Malek explained why the military took an interest in his work: “You can do a lot of testing [on a tank design] in the virtual world. Thermodynamics, aerodynamics, stress tests—all these can be done on a computer. The only time you must build the tank is when you want to put a soldier in it, so you can ask him or her, ‘How does it feel inside there? Can you assemble this system? Can you engage the target or see through the visor from where you’re sitting?’ But what if you can put a virtual soldier into the virtual tank?”

With a robust bank account to attract top talents, Malek assembled a team comprising nearly 30 experts from all over the world to take on the Virtual Soldier Research project for the Army. Then contracts began rolling in, from Caterpillar, Rockwell Collins, the US Marines, Ford, GM, and many more entities. Nearly a decade later, having invested close to $30 million to refine the technology, the professor’s humble lab gave birth to Santos and Sophia, a digital duo for the commercial market. Malek is now part of a team that oversees SantosHuman, Inc., a company spun off from the lab.

The young firm (formed in 2010) represents and licenses the intellectual property of the University of Iowa. The university conducts research and development; the company markets and distributes software suites.

Santos and Sophia are part of a new outsourcing trend. This time, the jobs are not shifting from high-salaried, skilled workers in the First World to low-cost laborers overseas. Instead, they’re shifting from human workers to digital workers. But you may take comfort in the fact that the types of operations ceded to digital humans are the works many of us would consider too dangerous, stressful, or painful to perform to begin with. (Sometimes, they’re literally backbreaking jobs.) When the Army needs to figure out how a 10-pound vest would affect a sniper’s agility and fatigue level, when an automaker needs someone to crawl into a tight space previously untested, when a plant manager needs someone to perform a series of ergonomically risky maneuvers, they may now turn to digital human models (DHMs).

Some manufacturers use digital human models to identify and correct ergonomic issues in tight-fitting vehicles, like the cockpit of a plane.
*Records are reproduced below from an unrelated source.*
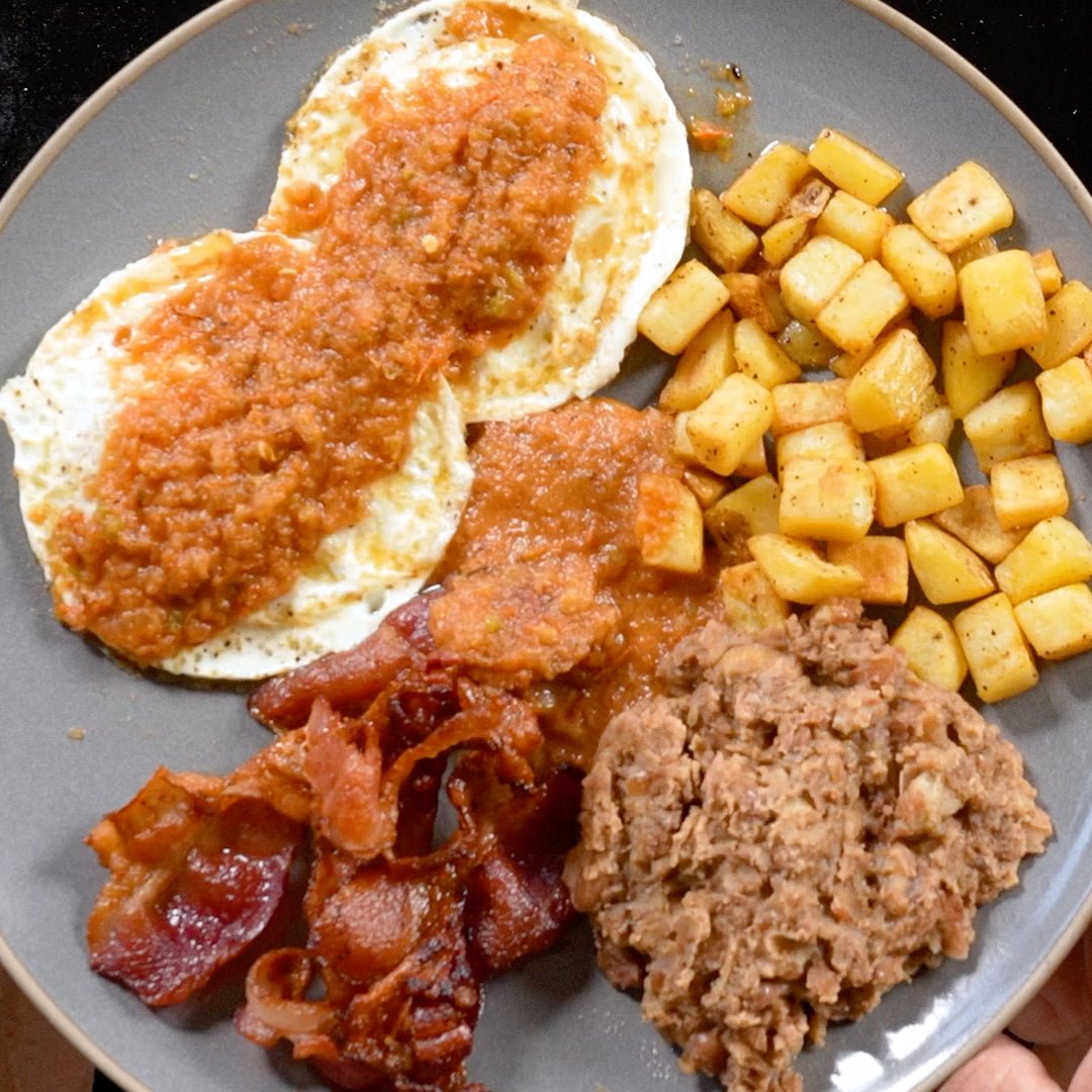 - On each plate, layer a tortilla with a portion of pinto beans, two fried eggs, and a spoonful of salsa. Serve with crispy bacon, a side of potatoes, and additional salsa on the eggs if desired.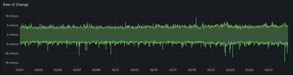 ROCOF of CH/Solothurn: Most of the time between +-5mHz/s with some significant outlier in negative direction.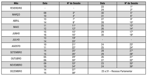 A Câmara de Campo Mourão fará 38 sessões ordinárias ao longo deste ano. As primeiras serão dias 23 e 24 de fevereiro e, as últimas, em 14 e 15 de dezembro. O horário foi mantido: 9h. O calendário das sessões foi publicado nesta quinta-feira. A Câmara realiza ainda sessões extraordinárias, especiais e solenes, além de audiências públicas.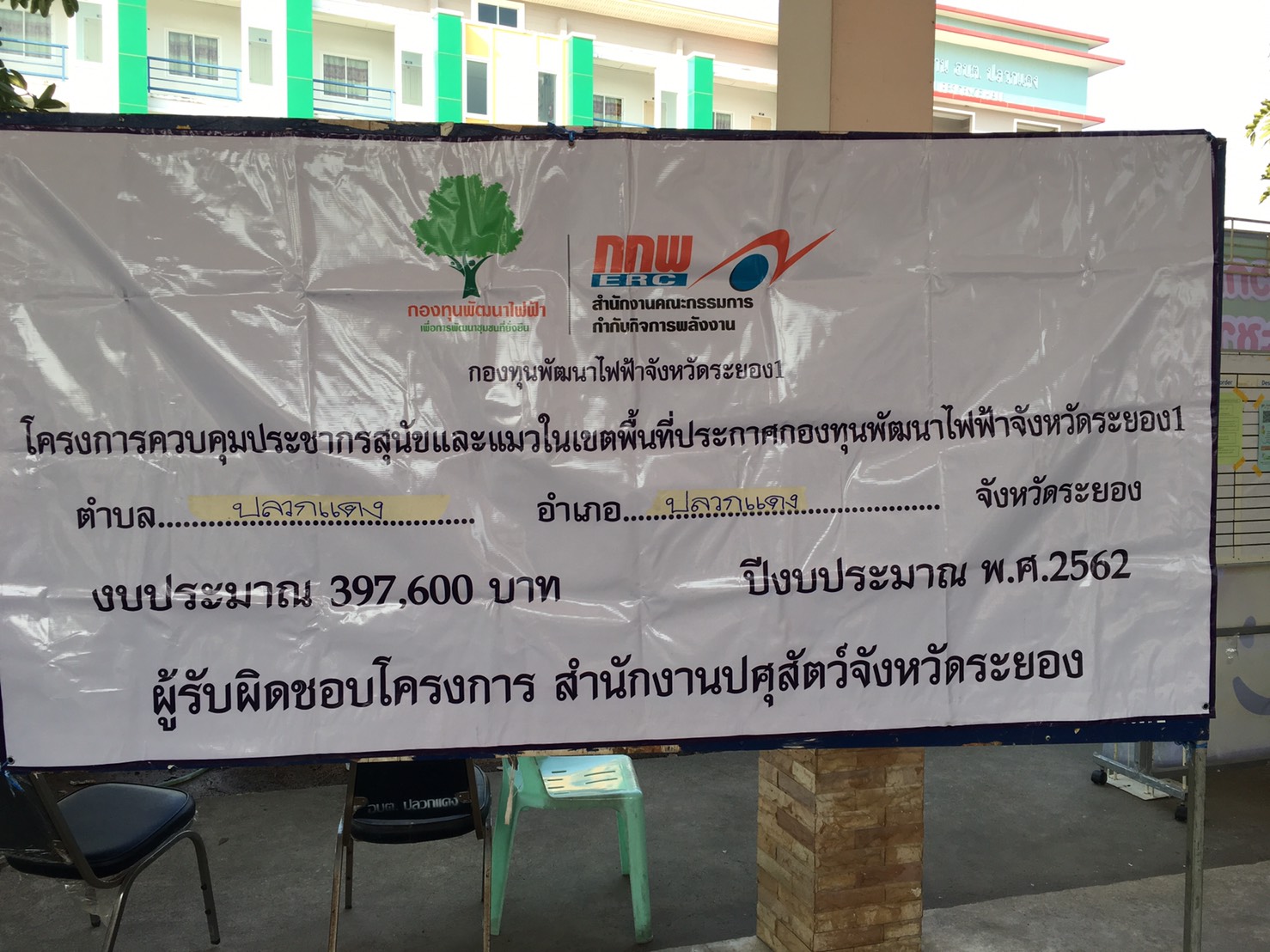 วันที่ 29 มกราคม 2562 สำนักงานปศุสัตว์จังหวัดระยอง ร่วมกับ องค์การบริหารส่วนตำบลปลวกแดง จัดทำโครงการควบคุมประชากรสุนัขและแมว ภายใต้โครงการสัตว์ปลอดโรค คนปลอดภัย จากโรคพิษสุนัขบ้า ตามพระปณิธาน ศาสตราจารย์ ดร.สมเด็จพระเจ้าลูกเธอ เจ้าฟ้าจุฬาภรณวลัยลักษณ์ อัครราชกุมารี โดยการผ่าตัดทำหมัน และฉีดวัคซีนป้องกันโรคพิษสุนัขบ้า ให้แก่สุนัขและแมว ที่มีเจ้าของและไม่มีเจ้าของ ณ ที่ทำการ อบต.ปลวกแดง ต.ปลวกแดง อ.ปลวกแดง จ.ระยอง ทำหมันสุนัขตัวเมีย 18 ตัว ตัวผู้ 12 ตัว แมวตัวเมีย 15 ตัว ตัวผู้ 9 ตัว รวม 54 ตัว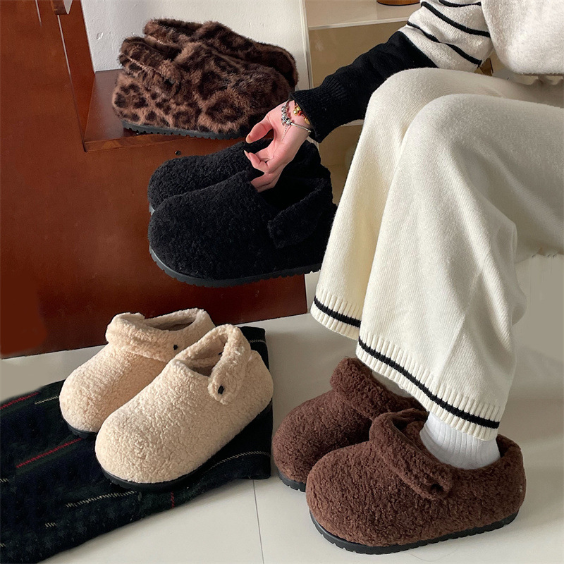 Белые булочки с толстым дном шерстяные тапочки женские наружные 2024 новые осенние и зимние бархатные теплые топы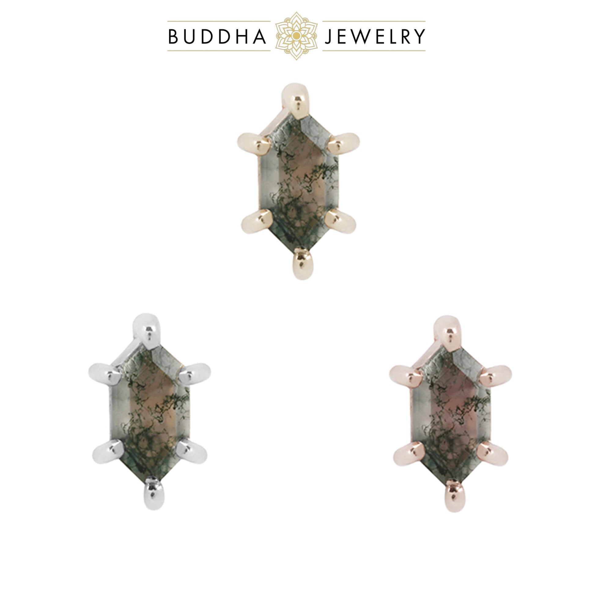 Oh Hell Yes, we are so excited about this new end! Six prongs on each point of this hexagon cut gemstone make sure it's nice and noticeable! The prongs are spaced perfectly allowing the light to hit the Moss Agate showing off all of those stunning inclusions!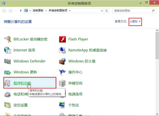 2.在打开的控制面板窗口中,点击查看方式为“大图标”然后点击打开“程序和功能”进入下一步操作。如下图所示

The simulation shows Siemens PLM Software’s Jack and Jill.

Working with CAD Geometry


 DHM-incorporated simulation exercises often involve 3D CAD files because the human-machine interaction usually takes place in a virtual environment, detailed and populated with standard CAD objects (3D models of armored vehicles, mechanical assemblies, and plant layouts, for example). Studying product designs (how a driver might navigate inside a smaller-than-average electric car) and manufacturing operations (how a repair technician might install an exhaust pipe) invariably require a mix of files created in different CAD programs. Therefore, for DHM-incorporated simulations, a solution that can accommodate— in other words, import—not just the software maker’s proprietary format, but also many different CAD formats, is preferable.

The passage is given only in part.